**The task:**
What you produce should be the lines from the line containing "Длинное пальто из" through the last line below, both ends included, reproduced exactly and without pictures.

**Exercise data:**

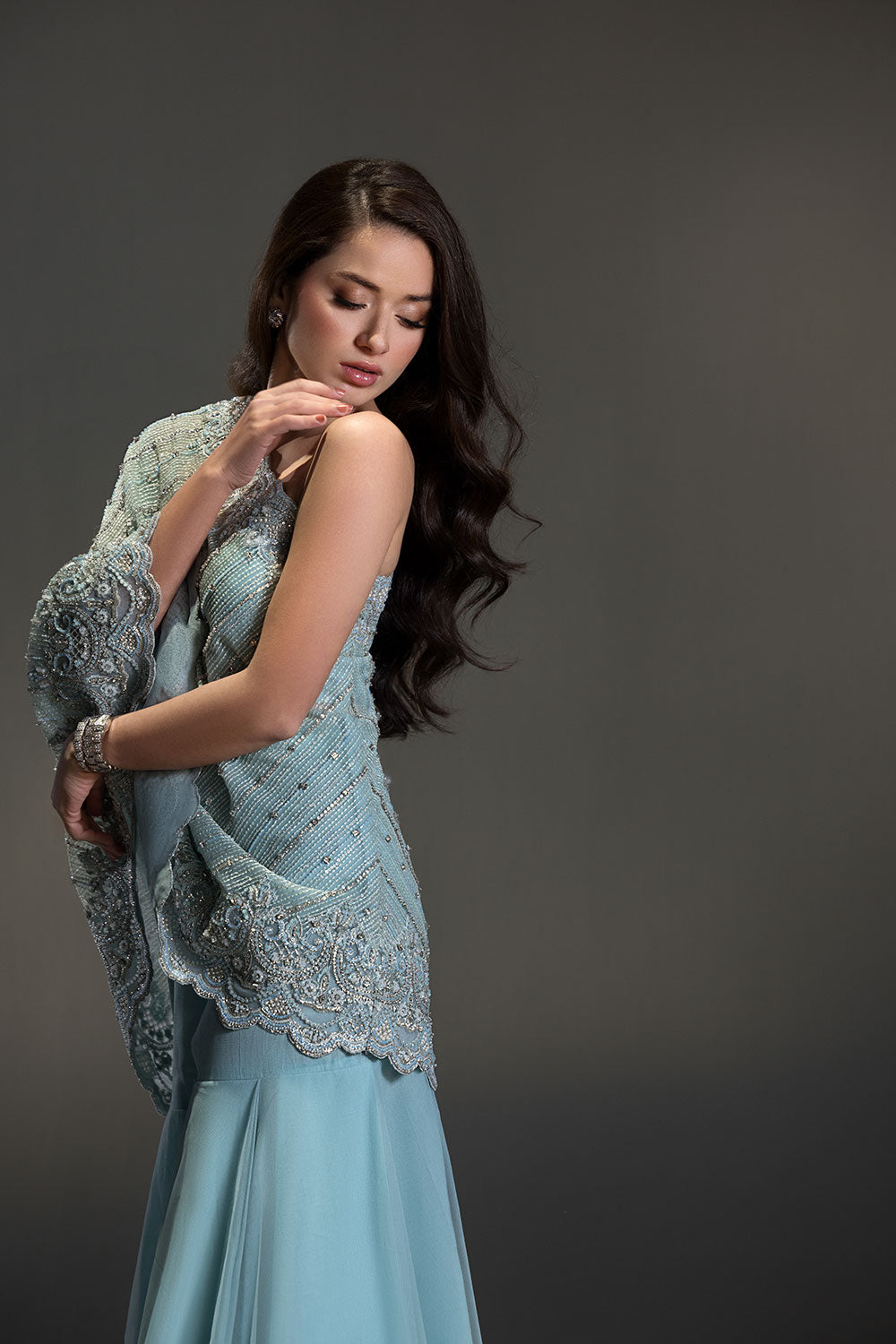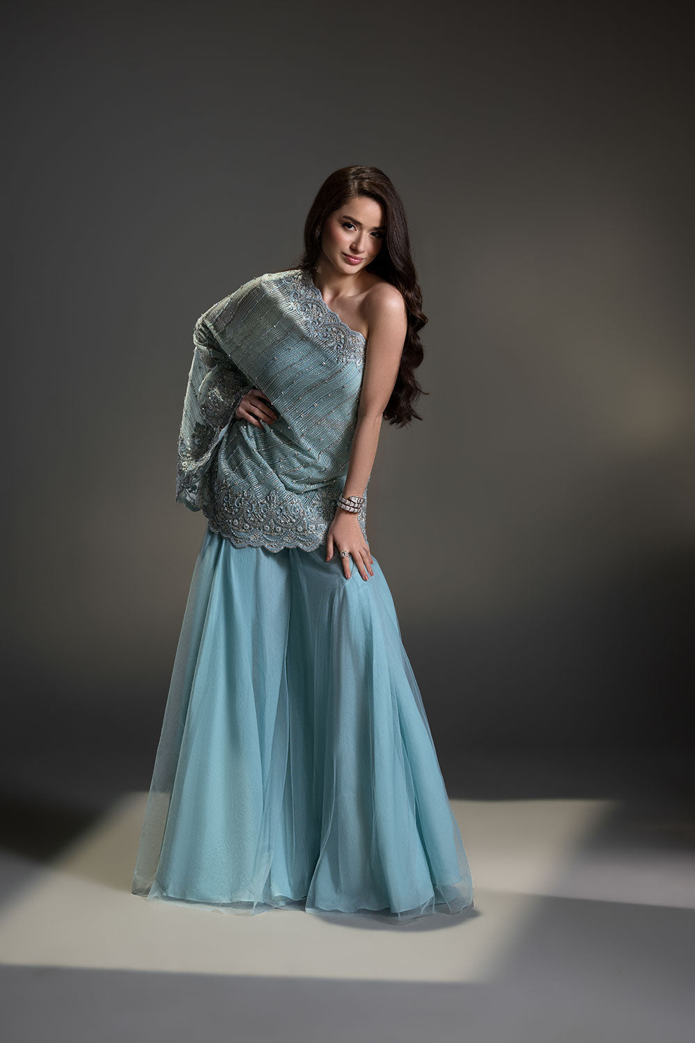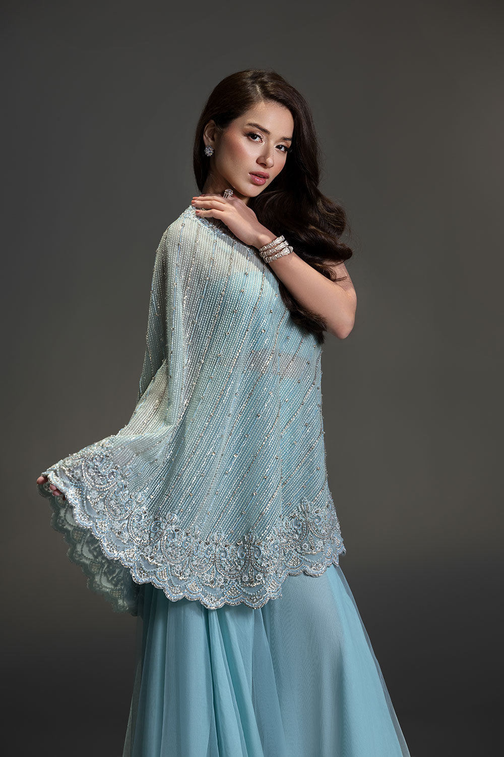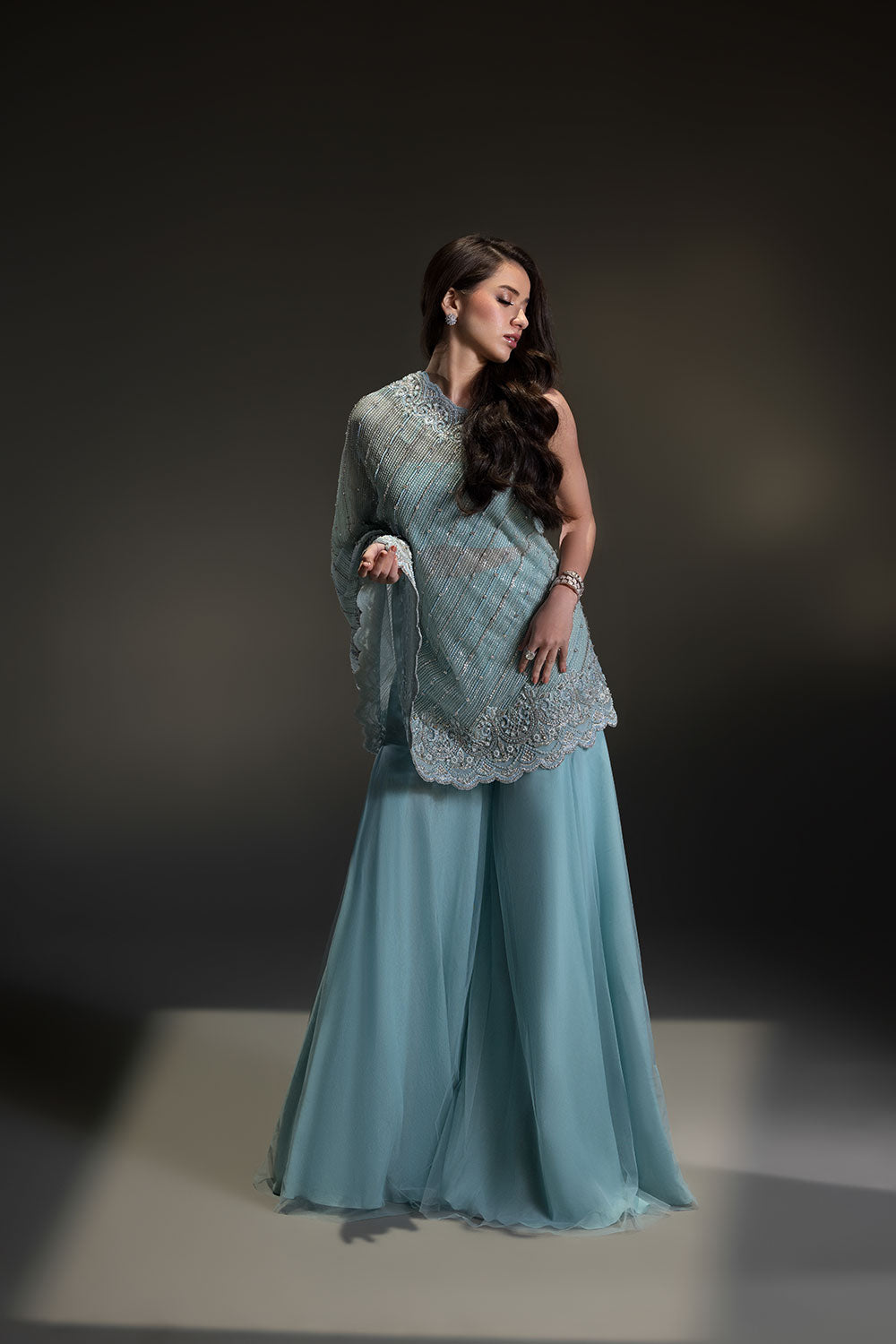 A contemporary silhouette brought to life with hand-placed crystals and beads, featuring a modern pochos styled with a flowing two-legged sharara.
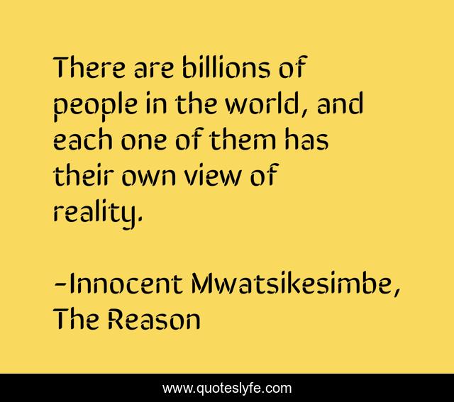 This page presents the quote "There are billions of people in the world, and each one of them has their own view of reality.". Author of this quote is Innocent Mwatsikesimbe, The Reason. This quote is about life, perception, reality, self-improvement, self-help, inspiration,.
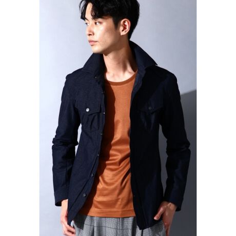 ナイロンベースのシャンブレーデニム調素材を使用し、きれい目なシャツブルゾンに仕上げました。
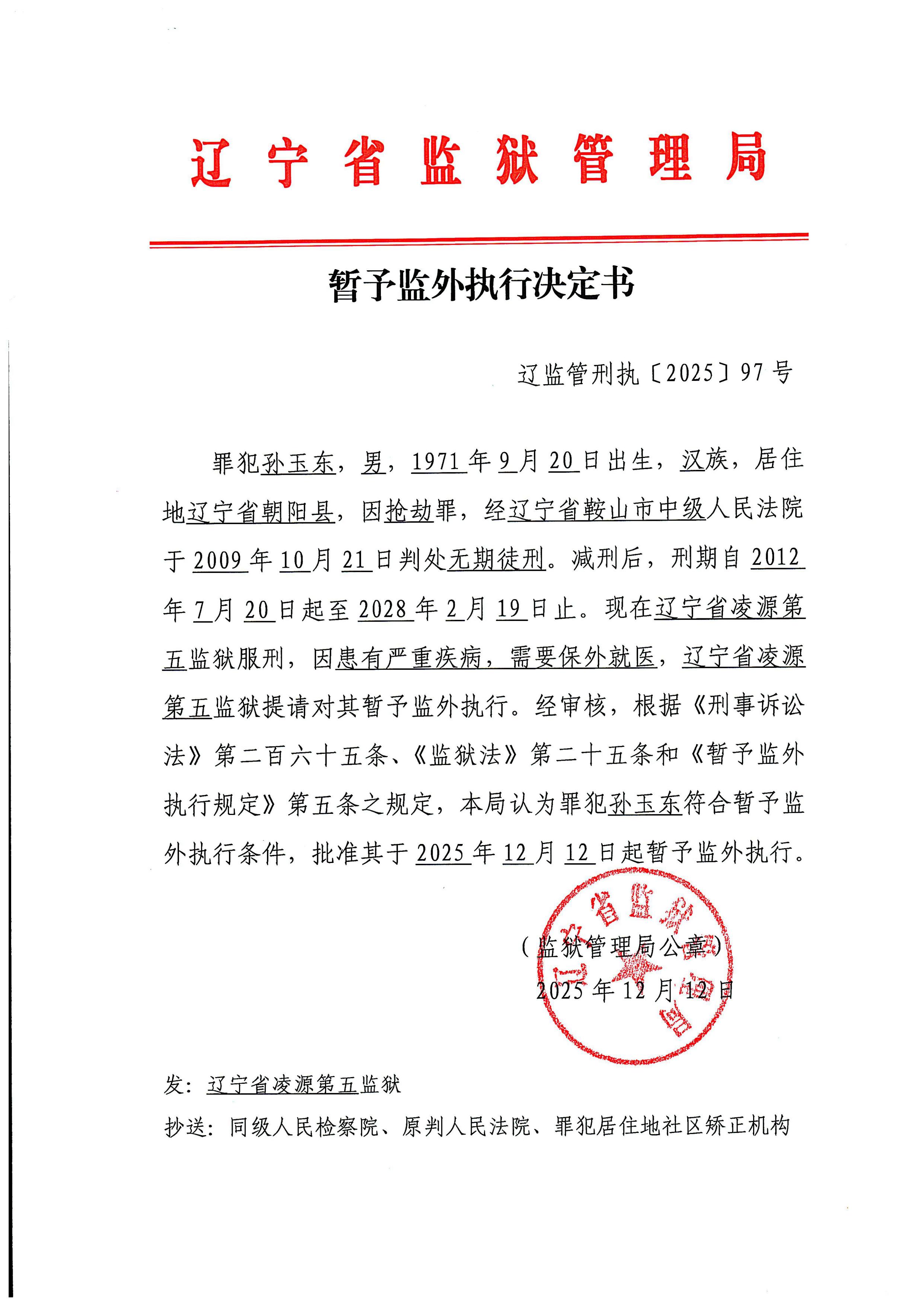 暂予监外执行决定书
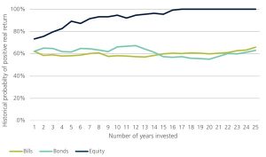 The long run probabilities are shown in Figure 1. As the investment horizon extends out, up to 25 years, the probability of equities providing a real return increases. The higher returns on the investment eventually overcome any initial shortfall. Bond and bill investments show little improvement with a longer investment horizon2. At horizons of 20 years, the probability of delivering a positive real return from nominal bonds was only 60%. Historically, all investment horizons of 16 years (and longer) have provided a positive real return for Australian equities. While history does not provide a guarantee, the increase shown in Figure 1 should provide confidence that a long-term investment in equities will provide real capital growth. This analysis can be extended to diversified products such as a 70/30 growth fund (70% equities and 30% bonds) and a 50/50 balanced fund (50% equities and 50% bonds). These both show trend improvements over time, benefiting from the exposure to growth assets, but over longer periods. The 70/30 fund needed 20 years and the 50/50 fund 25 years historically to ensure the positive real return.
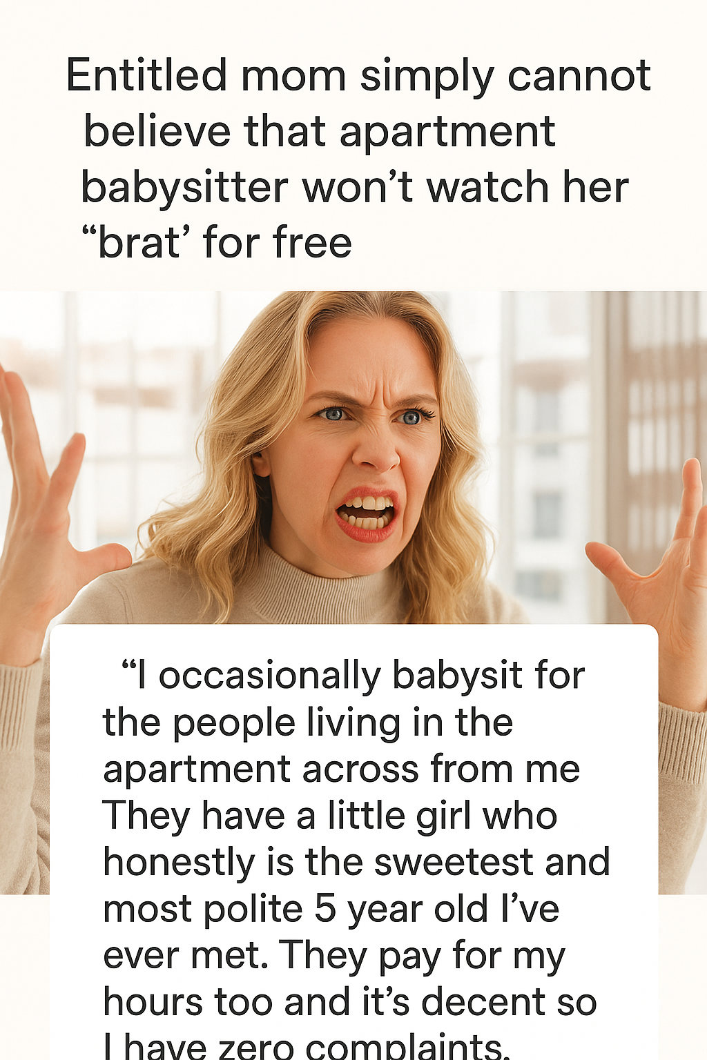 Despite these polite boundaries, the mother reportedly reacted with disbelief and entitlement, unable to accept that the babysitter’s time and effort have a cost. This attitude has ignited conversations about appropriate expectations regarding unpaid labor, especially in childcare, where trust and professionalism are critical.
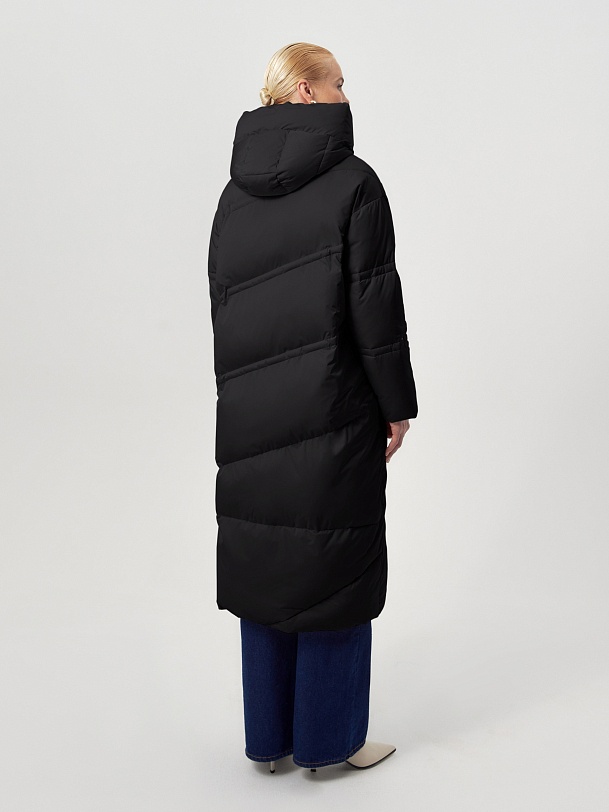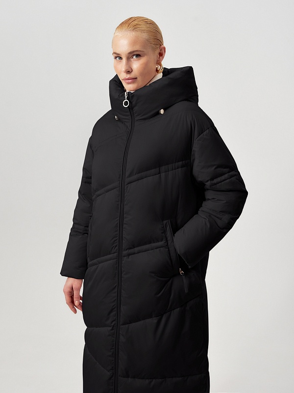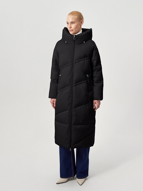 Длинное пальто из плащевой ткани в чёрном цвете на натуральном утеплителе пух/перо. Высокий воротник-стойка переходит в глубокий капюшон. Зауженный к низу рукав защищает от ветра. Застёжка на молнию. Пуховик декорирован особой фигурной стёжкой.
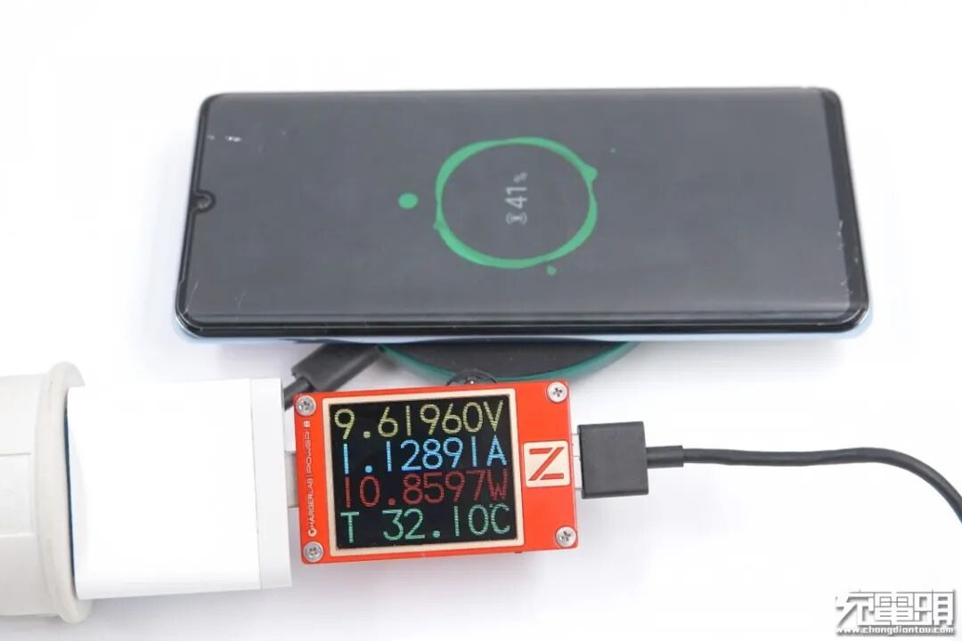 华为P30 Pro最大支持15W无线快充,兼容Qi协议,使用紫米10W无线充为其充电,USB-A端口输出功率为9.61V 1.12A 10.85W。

**Response to the task:**
 Длинное пальто из плащевой ткани в чёрном цвете на натуральном утеплителе пух/перо. Высокий воротник-стойка переходит в глубокий капюшон. Зауженный к низу рукав защищает от ветра. Застёжка на молнию. Пуховик декорирован особой фигурной стёжкой.
 华为P30 Pro最大支持15W无线快充,兼容Qi协议,使用紫米10W无线充为其充电,USB-A端口输出功率为9.61V 1.12A 10.85W。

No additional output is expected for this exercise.